Financing and credit companies

Traditionally, commercial banking has been in charge of granting financing and credit to all those companies and individuals who need it. However, at present the financial landscape has changed radically, emerging new financial alternatives, so you can not talk only about bank financing.

In this way, we can say that banking has been losing strength in terms of private financing. Now this financing can also be granted through different entities and platforms thanks to which new alternative financing modes such as crowdlending have emerged, already talking about financing and credit companies.

What are the objectives of this type of financing and credit companies?

What are the objectives of this type of financing and credit companies?

The ultimate goal of a financing and credit company is to grant financing for both companies and private financing for entrepreneurs.

Each of them has a series of its own characteristics and uses different methods when offering financing.

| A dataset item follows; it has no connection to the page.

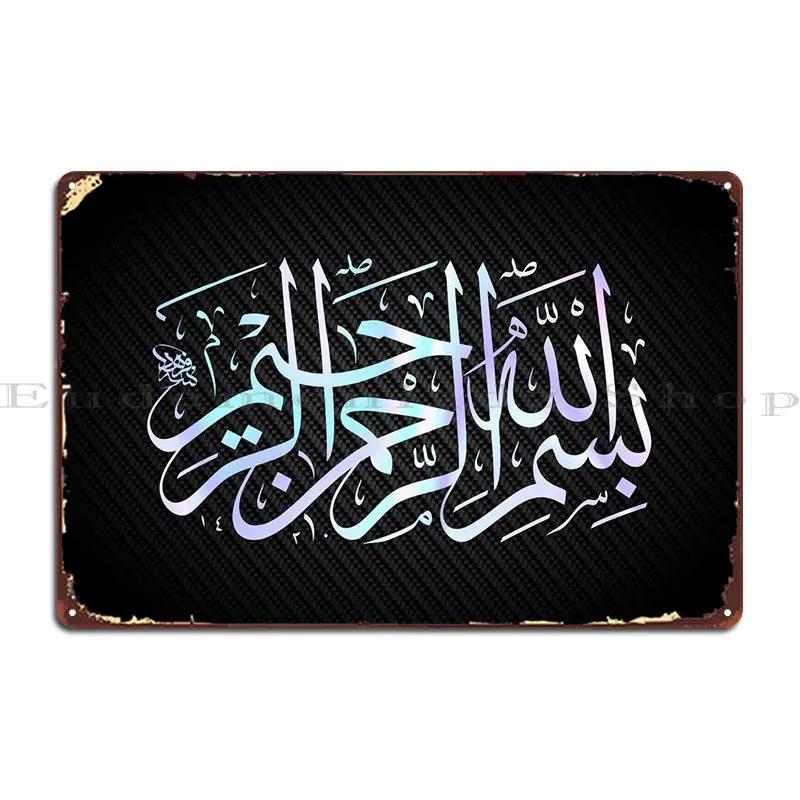 Elegant Basmala Calligraphy Metal Wall Plaque for Home Decor Living Room Party Venue Club Stylish Tin Sign Poster

Some of these financing and credit companies are the following:

Types of financing and credit companies

Types of financing and credit companies

Commercial Bank

Commercial banking is the most known and conventional financing and credit company. Its way of working is based on the analysis of the characteristics of the applicant (or of the project that, as an entrepreneur you want to implement), based on what the operation will be approved or denied. If so, the conditions that, on both sides, are deemed appropriate, such as the interest rate, term, additional products, etc., will be established to subsequently grant the private financing that the applicant seeks to obtain.

A few years ago, there were hardly any competitors, so customers had no opportunity to choose other different financing and credit companies, a fact that has changed with the emergence of different financial alternatives such as crowdlending.

Venture Capital Companies

Venture Capital Companies

This type of financing and credit companies, also known by many as venture capital, are companies based on the investment of funds in companies with growth expectations to subsequently recover their funds with the corresponding interests. It is for this reason that a large percentage of startups seek financial support in this type of financing and credit companies.

The great inconvenience that they can present is that the companies that request it must have a clear forecast of growth so that they can receive the financing, since generally, these companies seek to take part in new companies belonging to dynamic sectors that, thanks to the shareholding part that have acquired with the financing, provide a high profitability.